“Fear is gripping investors and the bears are roaring,” says James Ashton in The Sunday Times. Mounting uncertainty over banks’ exposure to subprime mortgage assets knocked over 3% off US, UK and European stocks last week. Following news of thumping subprime-related write-downs at Merrill Lynch and Citigroup, Morgan Stanley revealed a $3.7bn write-off and Wachovia Securities, America’s fourth-largest bank, warned of $1.1bn of losses in October alone.
In Britain, concern that Barclays could face a hefty write-off sent its shares into a tailspin, with trading seizing up last Friday as the stock exchange was overwhelmed with sellers heading for the exit. Royal Bank of Scotland shares have also fallen by about 20% in the past month.

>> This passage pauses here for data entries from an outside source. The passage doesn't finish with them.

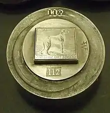 A die for a dog license stamp issued in Ireland, 1865–1928.
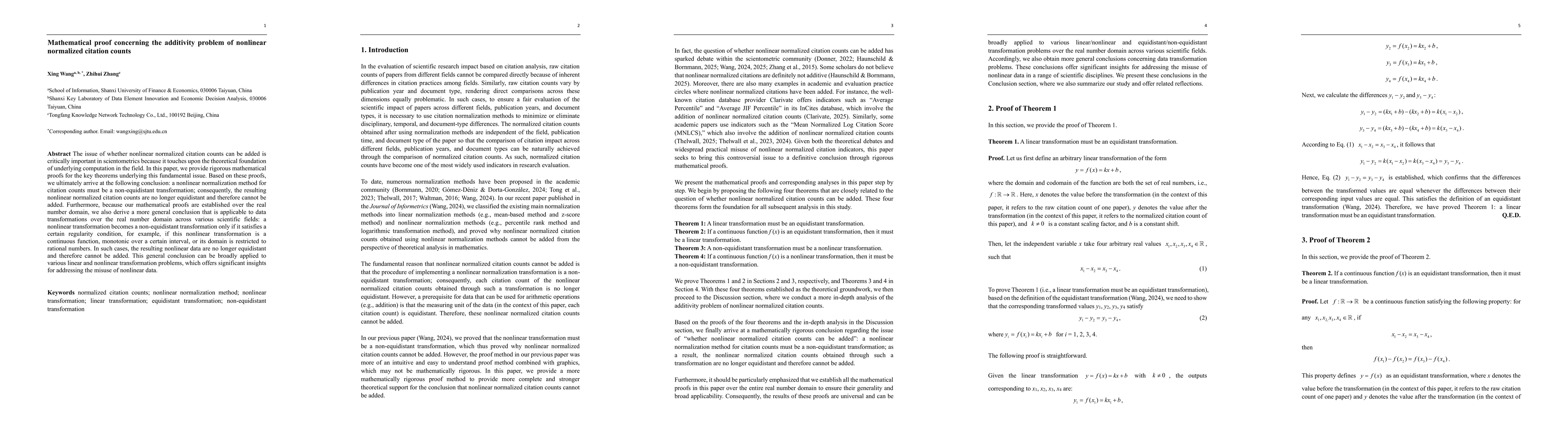 The paper provides rigorous mathematical proofs based on the real number domain to address the additivity problem of nonlinear normalized citation counts.
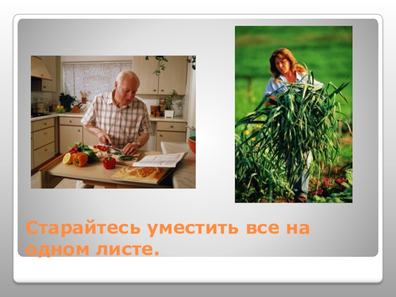 Слайд 20Старайтесь уместить все на одном листе.

“We’re not out of the woods yet,” as one analyst puts it with some understatement. The US housing market continues to deteriorate and defaults will keep climbing as low initial interest rates on adjustable mortgages expire, while ratings agencies will downgrade hundreds of mortgage-related investments valued at tens of billions of dollars as the malaise worsens, says The Wall Street Journal. Deutsche Bank’s Mike Mayo reckons subprime-related losses could reach $300bn-$400bn worldwide (with Barclays, RBS and HSBC writing off around $5bn each). And with subprime-linked derivatives spread around the world, nobody knows quite where the losses will emerge.
In addition, concern over the credit squeeze’s impact on the economy has spread. A US index of large technology stocks has posted its worst week in five years after networking equipment giant Cisco highlighted slowing demand for equipment from banks and car firms, raising fears of a corporate spending slowdown.
Business spending was hardly booming when corporate profit growth and household demand were strong, says Paul Kasriel of Northern Trust. So why expect it to keep growing now that they are weakening?
Speaking of which, the 1.6% rise in US underlying retail sales last month was the weakest October result since 1995, while the steep slide in consumer confidence over the past three months, equalled only in the past two recessions, bodes ill, says David Rosenberg of Merrill Lynch.
With overindebted consumers now beset by an oil-price spike as well as a sliding housing market, US GDP may well shrink this quarter, says Capital Economics.
And it “increasingly looks like contagion is beginning to prevail over decoupling”, says Ian Campbell on Breakingviews. In October, a global manufacturing output index revealed the weakest rate of growth in four years, with output sliding in the US and the UK and eurozone readings down sharply.
With Europe and Japan weakening, investors are becoming increasingly concerned about global growth, says Ethan Harris of Lehman Brothers. “There are more countries in the caboose now than the engine.” Recent slides in emerging markets also point to “a palpable sense of deepening gloom over the world’s economic prospects”, as John Authers puts it in the FT.
Against this backdrop, it’s interesting to note that Teun Draaisma of Morgan Stanley, who presciently advised selling in June and buying in mid-August, has changed his tune. He has so far foreseen a major market upswing akin to the tech craze after the LTCM jitters subsided in 1998. But now he’s taking profits. Morgan Stanley no longer wants to bet against the deepening credit crunch causing a US recession, given that overextended consumers are vulnerable to sliding house prices and tightening credit conditions. And “we wouldn’t count on” the rest of the world decoupling from a sharp US slowdown.
The world is still “dangerously dependent on credit-fuelled spending in the US”, says Roger Bootle. But with commodity prices stoking inflation, central banks can’t slash rates to boost economies. “The cavalry isn’t coming to save us from this slowdown.” The years of easy money are over.